Deutsche Bank to pay a penalty of $258 million to New York and U.S. banking regulators
Deutsche Bank to pay penalty to settle charges that it conducted business on behalf of entities in US-sanctioned countries such as Iran and SyriaReuters

Deutsche Bank has agreed to pay $258m (£167.7m, €237.3m) as penalties to settle charges for conducting business on behalf of entities in US-sanctioned countries. The fines are payable to the New York Department of Financial Services (NYDFS) and the US Federal Reserve. Of the total fine, $200m will be paid to NYDFS and the remaining to the Fed.

The US government prohibits doing business in countries such as Iran, Syria, Libya and Sudan as they are considered havens for possible terrorist financing. The penalty was charged as the US had identified a number of Deutsche Bank customers as acting on behalf of those sanctioned countries, the regulators said.

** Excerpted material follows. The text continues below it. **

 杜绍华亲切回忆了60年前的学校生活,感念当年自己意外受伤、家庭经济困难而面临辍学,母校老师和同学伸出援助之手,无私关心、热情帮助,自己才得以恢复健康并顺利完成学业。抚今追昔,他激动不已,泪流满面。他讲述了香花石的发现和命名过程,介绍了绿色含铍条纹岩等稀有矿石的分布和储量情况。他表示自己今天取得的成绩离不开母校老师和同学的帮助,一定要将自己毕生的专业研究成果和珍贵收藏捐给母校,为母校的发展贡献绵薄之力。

Between the years 1999 and 2006, Deutsche did business to the tune of $10.9bn in clearing transactions for the customers, using "non-transparent methods and practices" to shield them from scrutiny, NYDFS said. Apart from the monetary penalty, the settlement requires the German bank to sack six employees and hire an independent monitor.

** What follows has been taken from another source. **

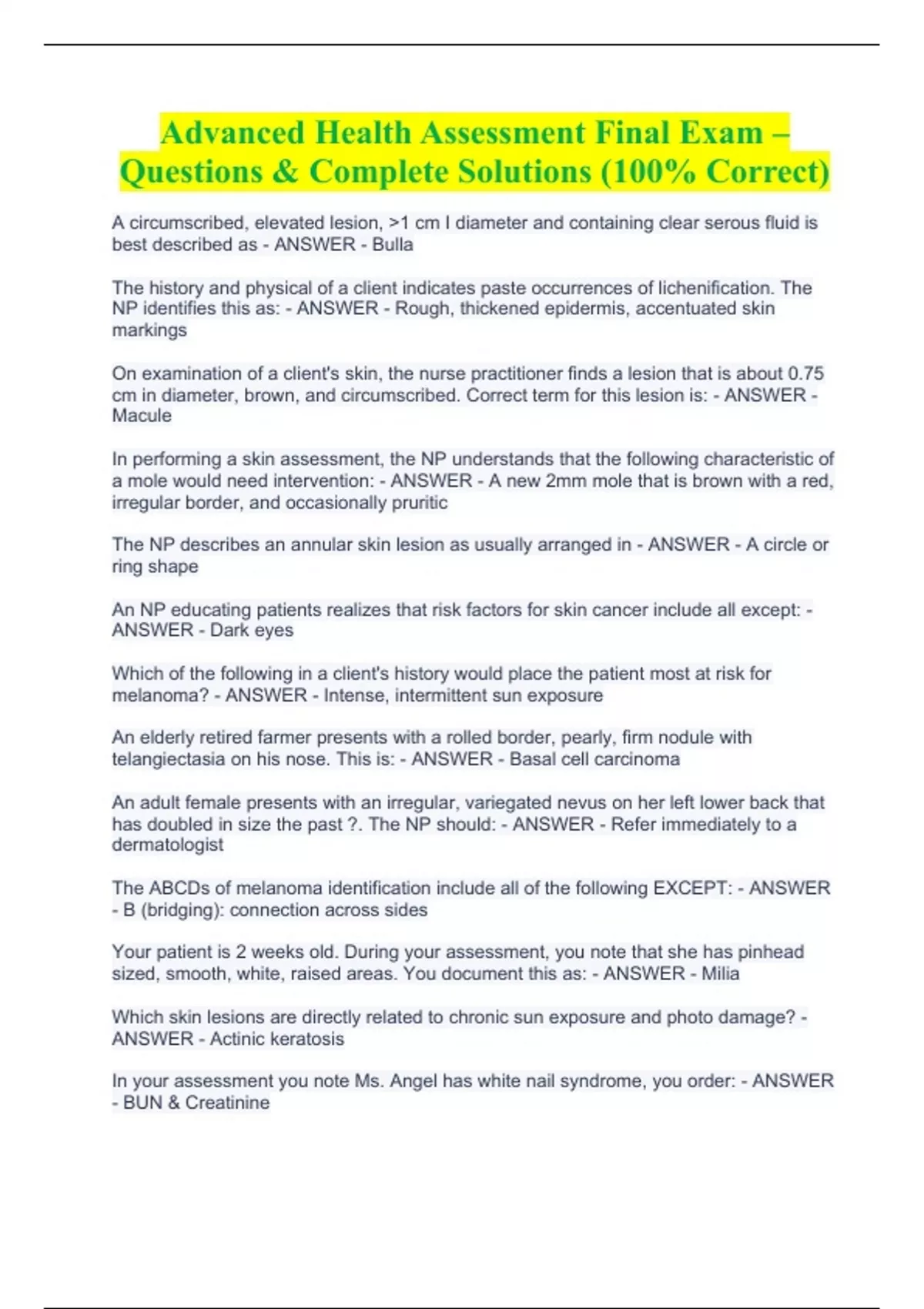 Advanced Health Assessment Final Exam – Questions & Complete Solutions (100% Correct) Advanced Health Assessment Final Exam – Questions & Complete Solutions (100% Correct) A circumscribed, elevated lesion, >1 cm I diameter and containing clear serous fluid is best described as - ANSWER - Bulla The history and physical of a client indicates paste occurrences of lichenification. The NP identifies this as: - ANSWER - Rough, thickened epidermis, accentuated skin markings On examination of a client's skin, the nurse practitioner finds a lesion that is about 0.75 cm in diameter, brown, and circumscribed. Correct term for this lesion is: - ANSWER - Macule In performing a skin assessment, the NP understands that the following characteristic of a mole would need intervention: - ANSWER - A new 2mm mole that is brown with a red, irregular border, and occasionally pruritic The NP describes an annular skin lesion as usually arranged in - ANSWER - A circle or ring shape An NP educating patients realizes that risk factors for skin cancer include all except: - ANSWER - Dark eyes Which of the following in a client's history would place the patient most at risk for melanoma? - ANSWER - Intense, intermittent sun exposure An elderly retired farmer presents with a rolled border, pearly, firm nodule with telangiectasia on his nose. This is: - ANSWER - Basal cell carcinoma An adult female presents with an irregular, variegated nevus on her left lower back that has doubled in size the past ?. The NP should: - ANSWER - Refer immediately to a dermatologist The ABCDs of melanoma identification include all of the following EXCEPT: - ANSWER - B (bridging): connection across sides Your patient is 2 weeks old. During your assessment, you note that she has pinhead sized, smooth, white, raised areas. You document this as: - ANSWER - Milia Which skin lesions are directly related to chronic sun exposure and photo damage? - ANSWER - Actinic keratosis In your assessment you note Ms. Angel has white nail syndrome, you order: - ANSWER - BUN & Creatinine

A Deutsche Bank spokeswoman said, "The conduct ceased several years ago, and since then we have terminated all business with parties from the countries involved." This settlement, which was announced yesterday (4 November), is the latest in a series of crackdowns by American authorities on European headquartered banks that have allegedly conducted business with countries under US sanctions.

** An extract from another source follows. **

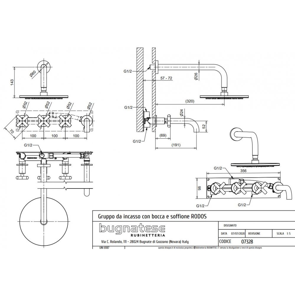 BUGNATESE RODOS EINBAUBADEWANNENGRUPPE MIT CHROMAUSLAUF UND DUSCHKOPF
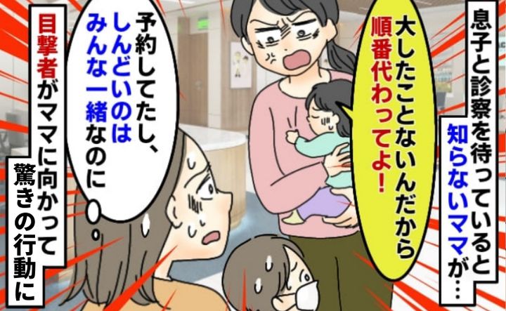 3. 息子の診察待ち中「大したことないでしょ!」見知らぬママから理不尽な要求。困惑していると…目撃者が

Examples of other banks that have been fined for violating US sanctions include, French bank BNP Paribas that paid about $9bn, Credit Agricole, another French bank, which was fined about $787m in October, Commerzbank, Credit Suisse Group, HSBC Holdings, Barclays, and Standard Chartered.

How the restricted transactions were conducted

To mask the restricted transactions, the German bank used several methods such as 'wire stripping' and 'cover payments'. Under the former, its overseas employees handling payment messages would remove any information indicating a connection to a sanctioned party from the message before passing it on to a corresponding US bank. In the cover payments method, employees would send two payment messages, one that included all the details and the other that did not include details about the underlying parties to the transaction.